The fighters and their abandoned families of Cold Mountain are not pro-slavery. They appear not to have given the issues of the war much thought, beyond their determination to keep the North from destroying their way of life, as loosely defined as it is. This lack of purpose diminishes the tragedy. In a terrifying early sequence, the Union army tunnels under Confederate fortifications at Petersburg, fills them with barrels of gunpowder and sets off a horrific blast intended to end the war. The carnage rivals the opening of “Saving Private Ryan.” The blast produces an earthquake that literally tears away the very ground upon which the Confederates stand. Union forces charge, but become trapped later when the walls of the crater collapse, barring their advance, while secondary waves block their retreat. The surviving Confederates pour down their fire on their helpless enemy. The image stirs both reminders of Vietnam and portents of Iraq. Why are they doing this to one another? For men on both sides, there is no reason. It seems but a terrible accident of history.

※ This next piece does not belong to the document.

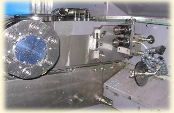
2 Utensili per lavorazioni posteriori di ripresa

The strain of war brings out the worst and the best in those who survive beyond the margins of battle. A self-appointed band of vigilantes takes control of the countryside, menacing the citizens and hunting down deserters, whose numbers swell after the blood-soaked stalemates around Richmond during the autumn of 1864. The war is lost, but it cannot end. Inman faces more danger from the bounty hunters than he ever did from the Union army, and at one point they put him in chains like a runaway slave, the ultimate degradation for a Confederate soldier. The Cold Spring Home Guard crushes an older woman’s hands between fence railings to exact information about her deserter sons. They are no better than the Yankee raiders who expose a sick infant to the cold to force its mother to give them all her hidden food supplies before they rape her.

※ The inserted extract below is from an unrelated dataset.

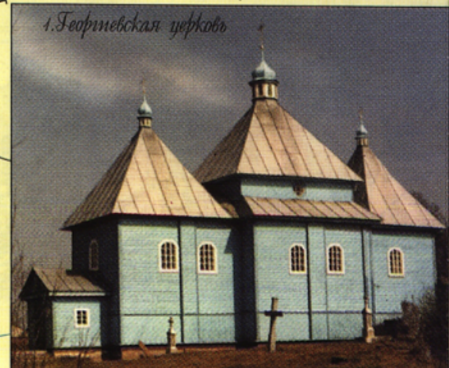
1. Юрьевская церковь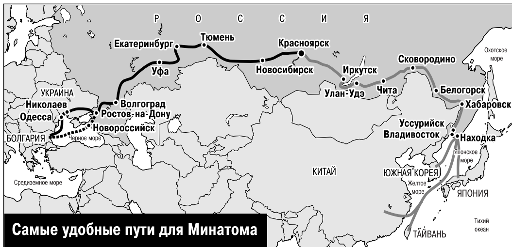
Самые удобные пути для Минатома

While war brutalizes the men, it ennobles the women. Ada arrived in town a misfit, which Minghella establishes by having her ride to her father’s house, facing backward and playing a piano placed sideways across the wagon. It is a surreal image worthy of Fellini, but it provides a perfect image of her dislocation. With Inman away at war and her father dead, Ada sheds her delicate Charleston ways, sells the piano, puts on boots and trousers and learns to run her farm with the help of Ruby (Renée Zellweger), a dynamo who provides both common sense and know-how. She will work like a slave, but as she makes clear from their first meeting, she will not be treated like one. She provides humor in an overly solemn film, but she is not a clown. To Ada, an ill-tempered rooster is a menace; to Ruby, he’s dinner.

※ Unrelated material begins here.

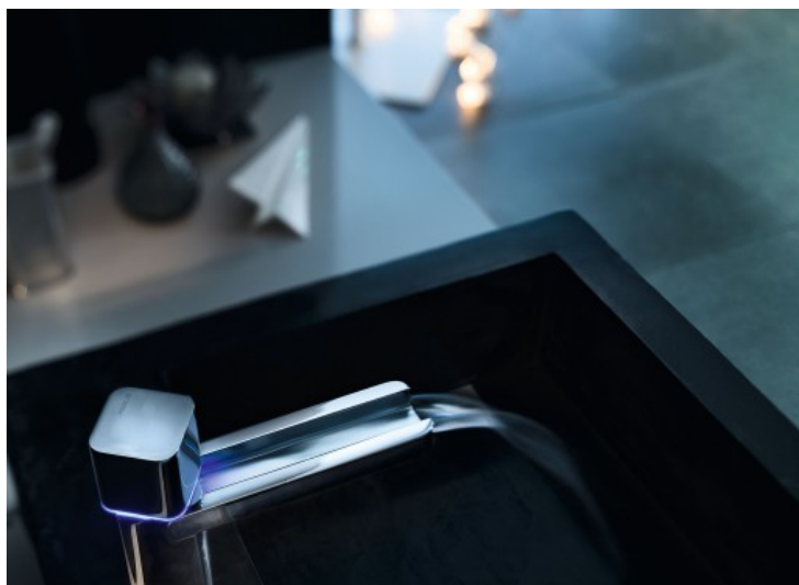
LOOP E - Nobili

Both book and film end with an epilogue, set in 1874, nine years after the war. Ada hosts an outdoor meal for the survivors. Frazier sets the scene in October, a time of harvest after the toil of planting and reaping; Minghella makes it an Easter dinner, a celebration of the new life that rises from death. Both make it a happy ending, a Hollywood ending to a mythical story. It’s too bad that history couldn’t have resolved the plot as quickly as the myth.